10g of ice at -20C is dropped into a calorimeter containing 10g of water at 10 C,the specific heat of water is twice that of ice.when the equilibrium is reached the calorimeter will contain??

To solve this problem, we need to analyze the heat transfer that occurs when the ice is added to the warmer water. The key here is to understand how energy moves between the ice and the water until they reach thermal equilibrium. Let's break it down step by step.

Understanding the System

We have two substances: ice and water. The ice is at a temperature of -20°C, and the water is at 10°C. The specific heat of water is twice that of ice, which is an important factor in our calculations. Let’s denote the specific heat of ice as \(c\) and that of water as \(2c\).

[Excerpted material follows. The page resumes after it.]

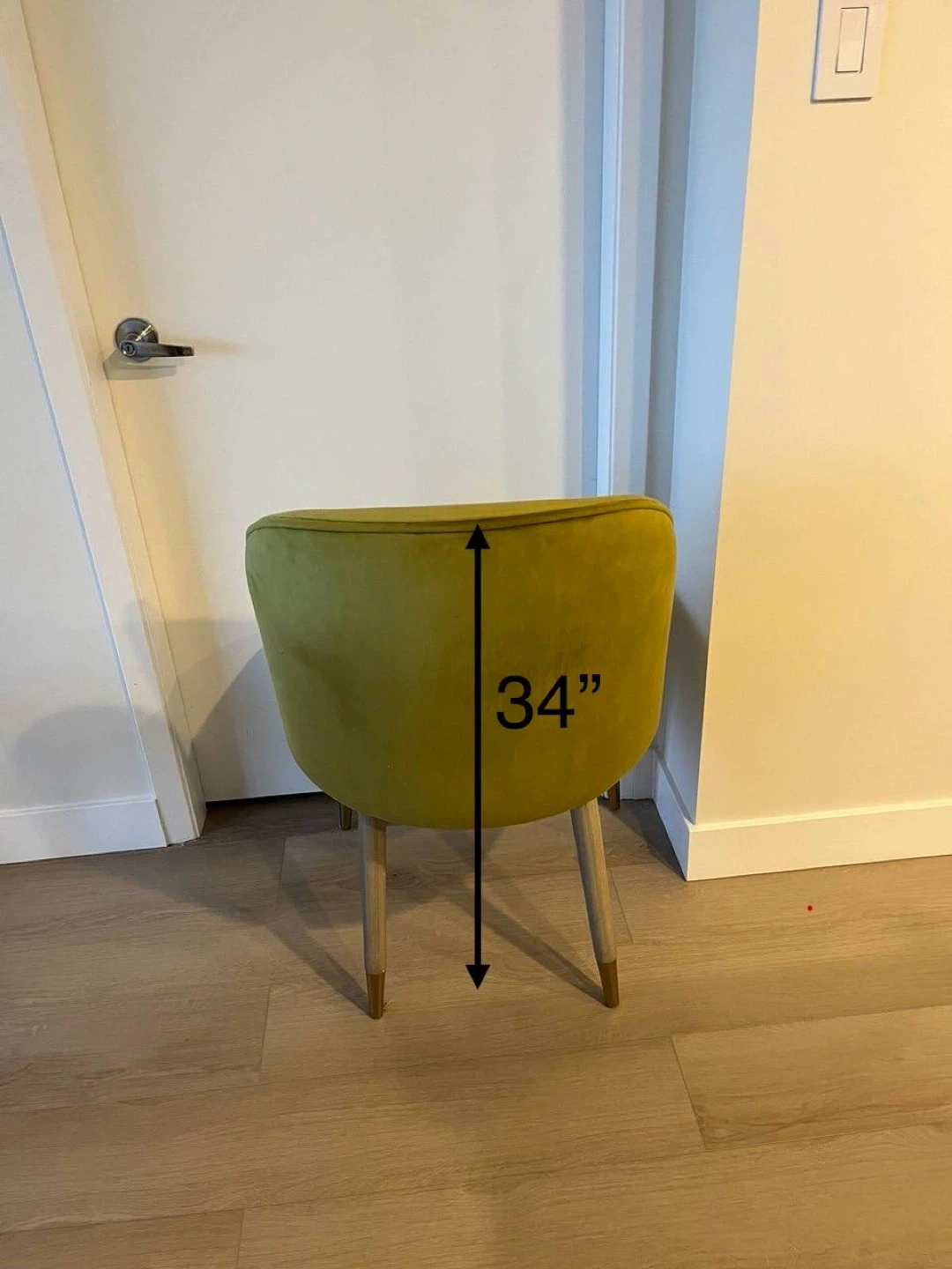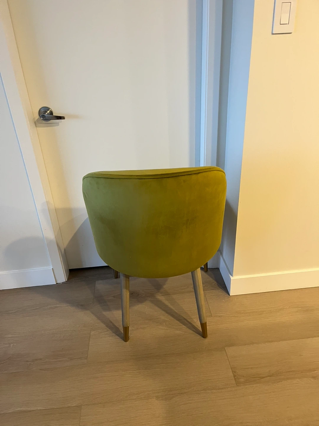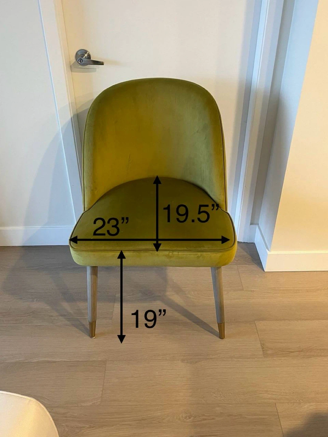 6x custom made chairs for sale. High quality easy care green velvet fabric with grey oak wood & brass gold leg.

Heat Transfer Calculations

When the ice is introduced to the water, the following processes occur:

• The ice will first absorb heat to raise its temperature from -20°C to 0°C.
• Next, the ice will melt into water at 0°C.
• Finally, the resulting water from the melted ice will absorb heat to reach the equilibrium temperature.

Calculating Heat Absorbed by Ice

1. **Heating the Ice:** The heat required to raise the temperature of the ice from -20°C to 0°C can be calculated using the formula:

Q1 = m_ice * c_ice * ΔT

Where:

• m_ice = 10 g
• c_ice = c (specific heat of ice)
• ΔT = 0 - (-20) = 20°C

So, we have:

Q1 = 10g * c * 20°C = 200c

2. **Melting the Ice:** The heat required to melt the ice at 0°C is given by:

Q2 = m_ice * L_f

Where \(L_f\) is the latent heat of fusion for ice. Assuming \(L_f\) is approximately 334 J/g, we get:

Q2 = 10g * 334 J/g = 3340 J

3. **Total Heat Absorbed by Ice:** The total heat absorbed by the ice to reach 0°C and then melt is:

Q_total_ice = Q1 + Q2 = 200c + 3340 J

Calculating Heat Lost by Water

Now, let’s calculate the heat lost by the water as it cools down from 10°C to the equilibrium temperature \(T_f\):

Q_water = m_water * c_water * (T_f - 10°C)

Where:

• m_water = 10 g
• c_water = 2c (specific heat of water)
• ΔT = T_f - 10°C

Thus, we have:

Q_water = 10g * 2c * (T_f - 10°C) = 20c(T_f - 10)

Setting Up the Equation for Equilibrium

At thermal equilibrium, the heat gained by the ice will equal the heat lost by the water:

200c + 3340 J = 20c(T_f - 10)

Solving for Equilibrium Temperature

Now, let’s rearrange the equation to find \(T_f\):

200c + 3340 = 20cT_f - 200c

20cT_f = 200c + 3340 + 200c

20cT_f = 400c + 3340

T_f = (400c + 3340) / 20c

Assuming \(c\) cancels out, we simplify:

T_f = 20 + 167/c

Final Considerations

Since the specific heat of ice is less than that of water, the equilibrium temperature will be above 0°C but below 10°C. The exact value will depend on the specific heat of ice used. However, we can conclude that the calorimeter will contain a mixture of water at the equilibrium temperature, which will be a liquid state since all the ice will have melted.

In summary, the calorimeter will contain water at a temperature slightly above 0°C, with all the initial ice melted into water, resulting in a total of 20g of water at equilibrium.